The Remedy for Eternal Optimism: A US Bank

Allright. There it is. The first official rant on this blog. Don’t worry, I will keep it professional.

I have to admit that my family and I are sailing through not too horrible waters during this economic crisis. First of all, I have a rather nice income and a nice job security. And besides that, even if everything tumbles down I know that even now there are a million-and-one ways to earn money, especially here in the US. And I honestly believe there are ways to get through these times. The thing I am more afraid of of not surviving for such a long time is dealing with banks here. Now, I come orignally from Europe, from the Netherlands to be exact. I have seen my share of power- and money-hungry behavior from banks and with my back then limited grasp on reality and an unlimited amount of naivity I got into debt probably by the age I got 17. But as with many, you are not talking about ‘debt’, you are talking about money that is yours that can get you stuff. And I have in my life over there paid more interest than I ever had money into my accounts, reaching an all-time high (or low) with the failure of my first company. I have had locked accounts, bounced checks by the packs, and more ‘I will never do it again’ talks with my account manager then whatever. But I was never prepared for what I would experience here in the US.

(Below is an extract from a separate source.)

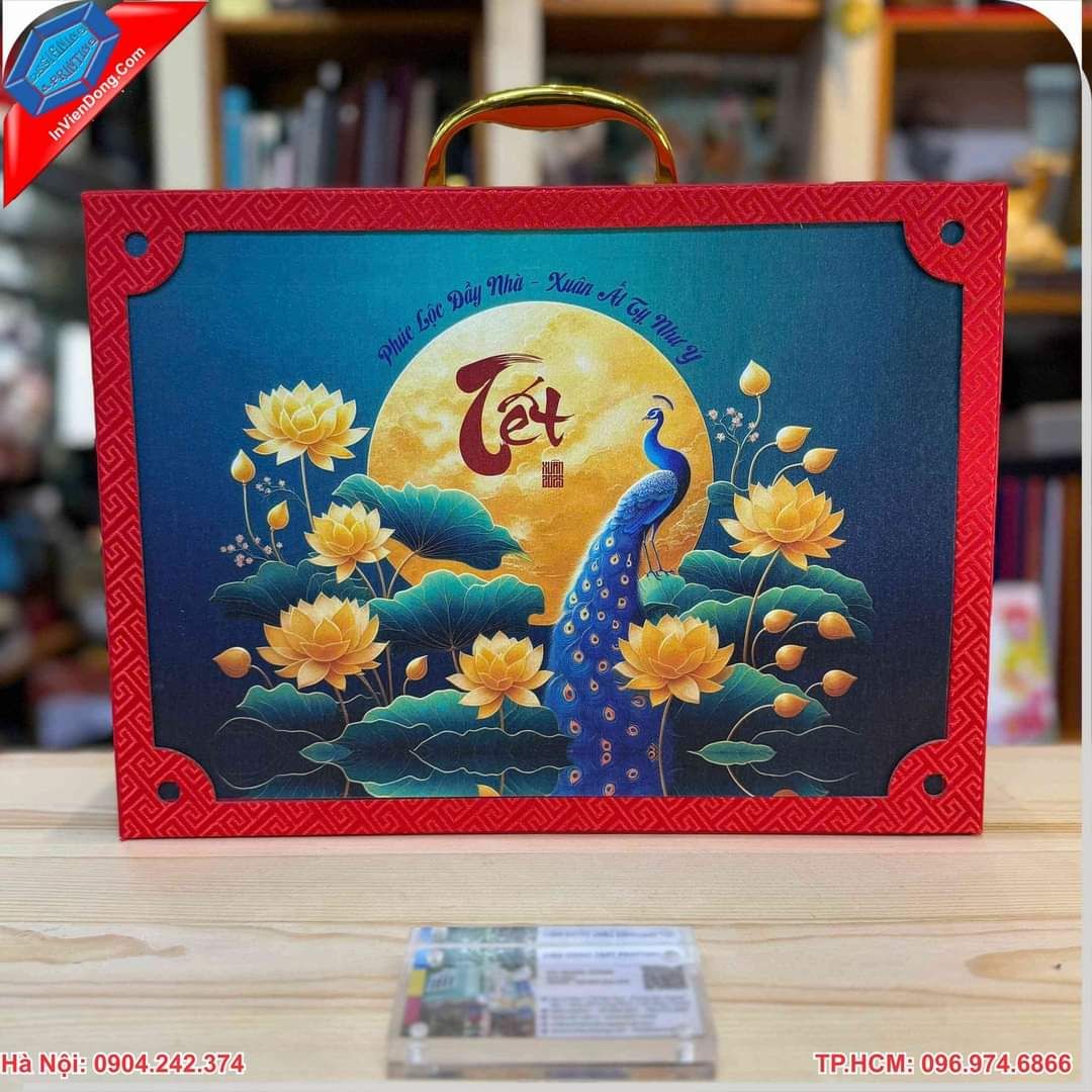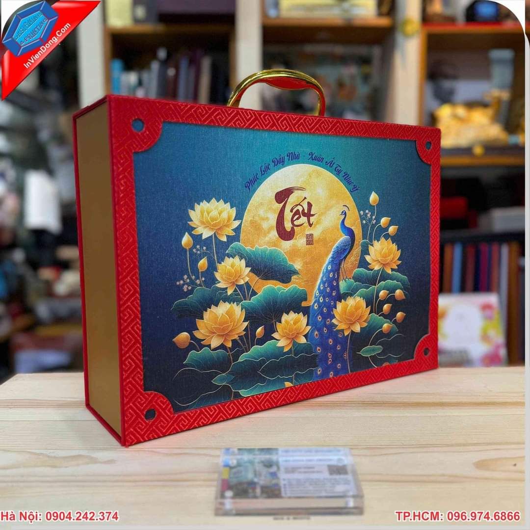 Hộp đựng quà tết là một loại bao bì vô cùng đặc biệt, hộp được thiết kế để đựng, trưng bày những các món quà tặng vào mỗi dịp Tết đến. Chúng thường có các kích cỡ đa dạng, màu sắc bắt mắt thể hiện đặc trưng của ngày Tết. Đa phần những chiếc hộp đựng quà Tết được trang trí bởi các họa tiết như hoa đào, hoa mai hay câu đối đỏ hoặc con công, con phượng để khiến hộp đựng quà Tết trở nên độc đáo và sang trọng hơn rất nhiều.

To be honest, I cannot understand why people still agree with how banks operate here in the US. For everyone here in the States, I would like to invite you to go to a site of a bank in europe and just read the terms and conditions there that come with having an account.

First of all, over there, if your account goes below zero, by default your payments will get through. No bounced checks, no incufficient funds fees. Hey, they know you don’t have money, so it is of no use of asking more money for not having any. They just charge you an interest rate for the time you are below zero. No sudden jumps in your interest rates like here on credit cards. Nothing like that. And once you are above zero, everything is back to normal.

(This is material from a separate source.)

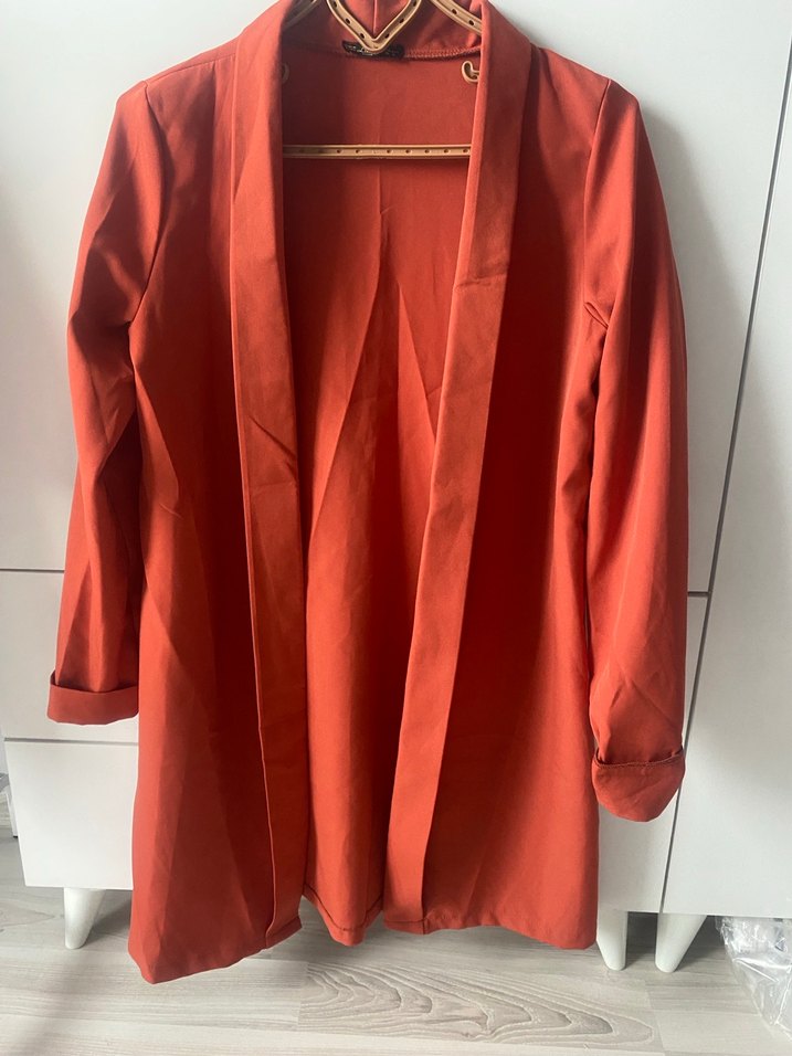 Kadın kırmızı midi ceket, parlak saten kumaştan, yakalı ve uzun kollu. Rahat kesimli, drapeli tasarımıyla ofis ve günlük kullanıma uygun.

Second, there is this movement from money. Not only from one bank to another, but even from one account to another with the same bank. Now, I know the talk that they have here; first day your bank checks you account, second day they move the money, third day it arrives at the recieving bank and fourth day it is booked into the account and the fifth day it is available. WTF?! Now, US citizens, WAKE UP! If that is so, why does it take in Europe about 1 hour to 1 day to process this all? And nothing like pending payments, it is checked immediately and transferred immediately. Simple as that.

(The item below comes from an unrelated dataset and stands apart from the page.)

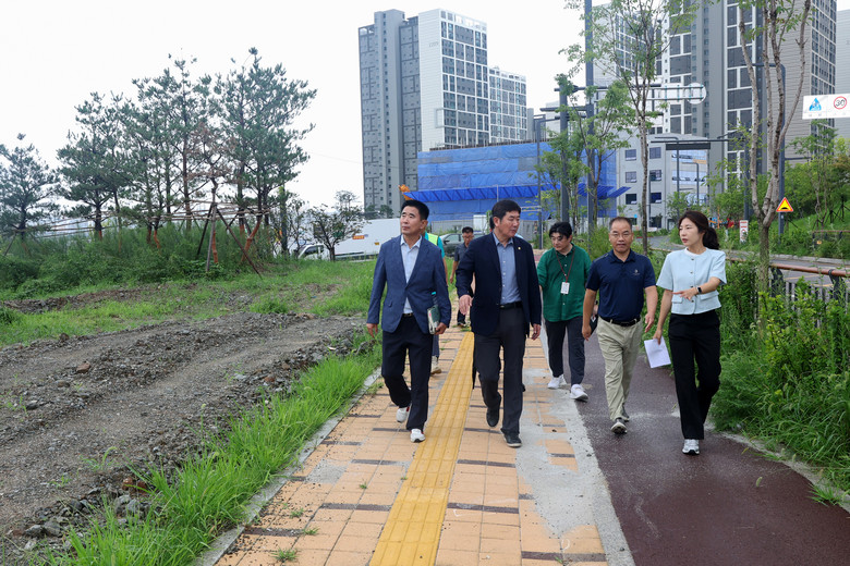 이날 현장 점검은 불안감을 호소하는 인근 주민과 학부모들의 의견을 반영해 이루어졌으며, 의원들은 ▲공정 현황 확인 ▲적기 개교 여부 ▲안전한 통학로 확보 방안 ▲어린이보호구역 연장 등을 집중 점검했다.

Third is the security. When I go to my bank site, it tells me simply to fill out a username and password, and I am in the online banking. Sounds good? For anyone knowing the technology behind internet and web communication a little bit, you would know that there are a hundred ways to get your username and password. The easiest onest are simply installing a key-logger on your computer through malicious software that gets installed when you surf to one site or another, and they do not even have to be seedy sites. Most people do not have adequate securities set up on any of the computers they use. Then there is even the thing that there is that people always have easy passwords to guess. Birthdates, the names of pets or children, etc. etc. One bank that I went to in New Jersey shortly after I arrived in the country was even making it worse; to sign up for their online system I would have to print a document, write my username and password in it, send it and they would set it up?! Wow. In the Netherlands you have encrypters, little gadgets that you recieve when opening your account. The one I worked with would translate a code you would recieve from your website constantly into another code you had to provide. Sure, it was a bit more work, but at least it was a lot safer, especially with your eye on identity theft etc.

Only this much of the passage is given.